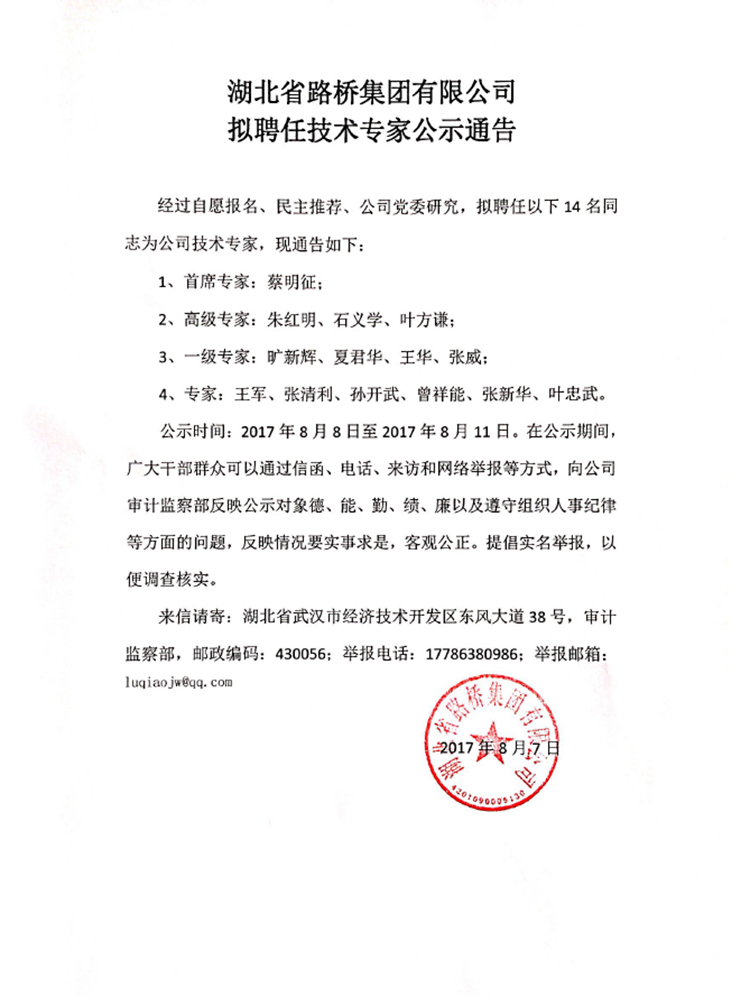 湖北省路橋集團有限公司擬聘任技術(shù)專家公示公告
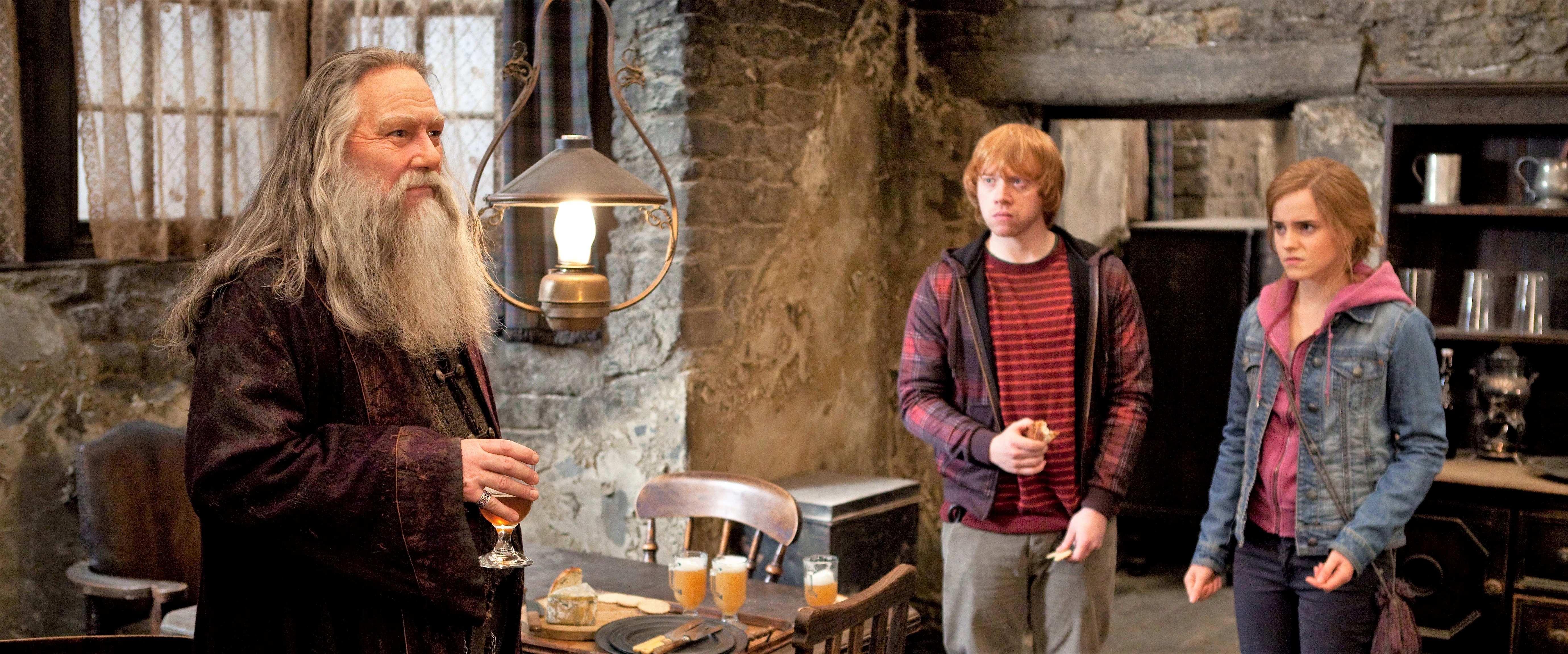 Harry riconobbe Aberforth e lui fu rattristato quando apprese della morte di Dobby che fuggissero dal villaggio la mattina successiva, credendo che l'Ordine della Fenice fosse finito, e Voldemort avesse già vinto la guerra e coloro che stavano ancora combattendo si stessero solo illudendo. Quando Harry rifiutò, dicendo che doveva completare la missione di affidaraglia, Aberforth rimproverò Harry per la fiducia in suo fratello e gli chiese se conoscesse tutta la verità su di lui. Harry, che aveva i suoi dubbi sul suo mentore, non fu in grado di rispondere e Aberforth e raccontò la vera storia di ciò che era successo ad Ariana.[1] Harry però svelò che Albus si era rammaricato per tutta la vita dell'accaduto rivelando che la notte della sua morte, Albus aveva bevuto una pozione che gli aveva fatto rivivere ciò che Grindelwald aveva fatto a suo fratello e a sua sorella.[14]
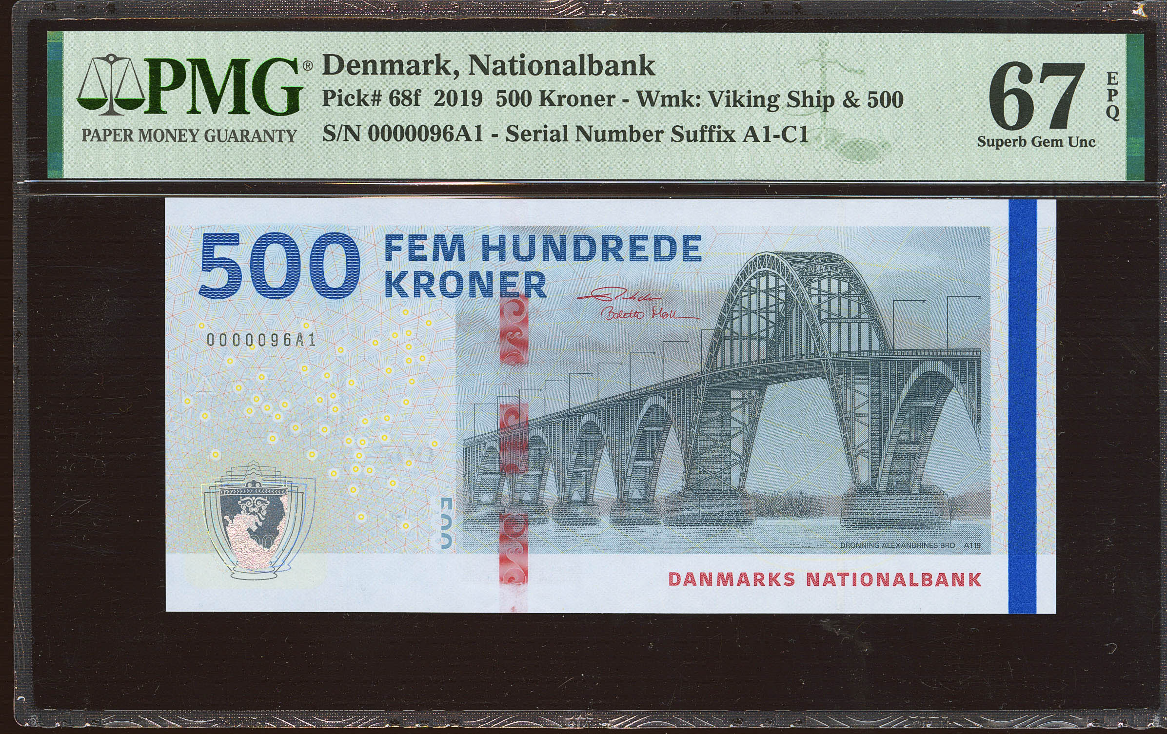 DENMARK. 500 Kroner. 2019. (Pick: 68f). PMG67EPQ (including commercial brochure).
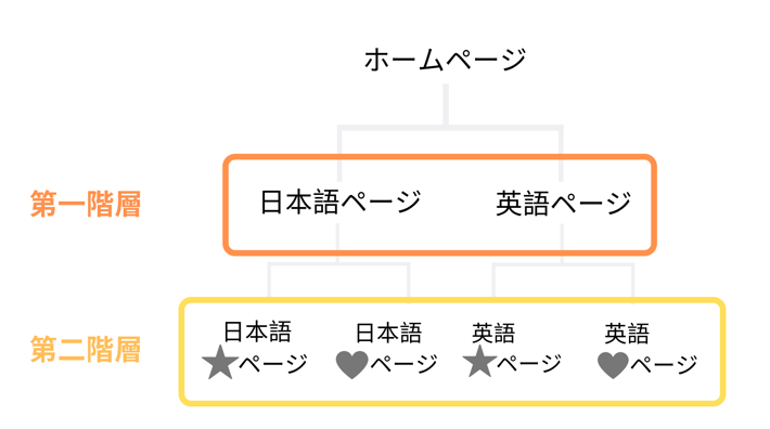 - 第二階層のページを作成していきます(各言語でそれぞれ同じ内容のページが存在します)。
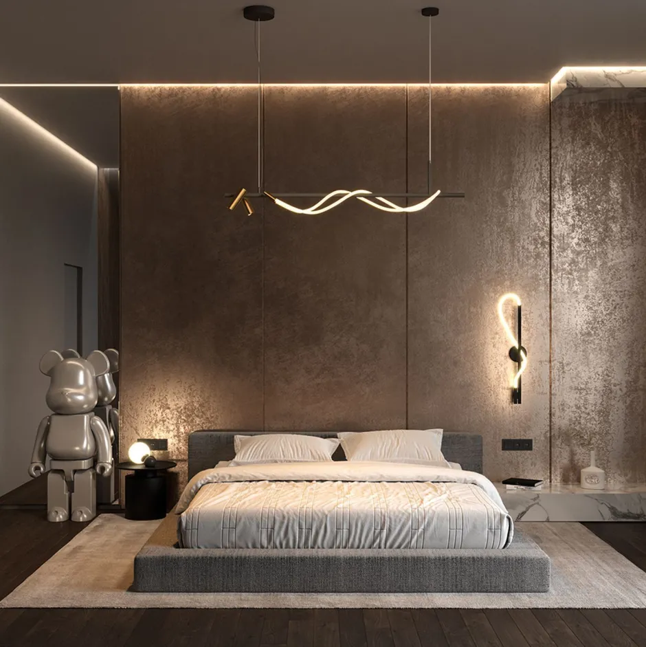 Der geschwungene Lichtschlauch verleiht der Hängelampe einen einzigartigen Look, der sie zu einem dekorativen Blickfang in jedem Raum macht
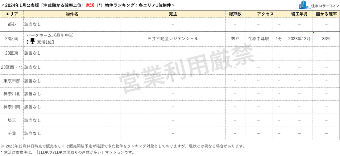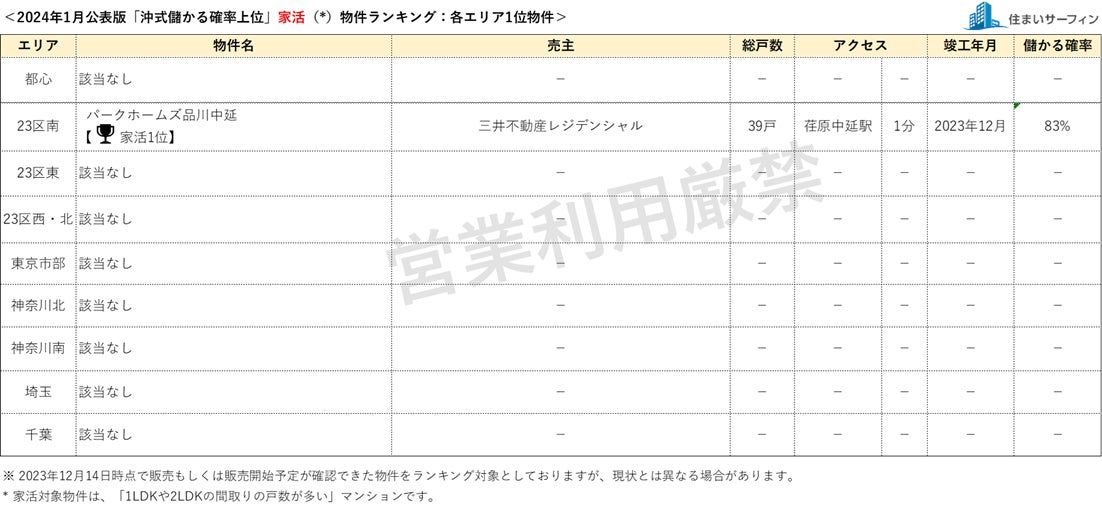 [住まいサーフィン]資産性の保たれやすいマンションがわかる首都圏エリア別「沖式儲かる確率上位マンションランキング」2024年1月版公表

* * *

● WHAT YOU WILL DO
Which lines run from the one that holds "DENMARK. 500 Kroner." to the final line of the records above? Return them exactly, and skip the pictures.

● RESPONSE TO THIS TASK
 DENMARK. 500 Kroner. 2019. (Pick: 68f). PMG67EPQ (including commercial brochure).
 - 第二階層のページを作成していきます(各言語でそれぞれ同じ内容のページが存在します)。
 Der geschwungene Lichtschlauch verleiht der Hängelampe einen einzigartigen Look, der sie zu einem dekorativen Blickfang in jedem Raum macht
 [住まいサーフィン]資産性の保たれやすいマンションがわかる首都圏エリア別「沖式儲かる確率上位マンションランキング」2024年1月版公表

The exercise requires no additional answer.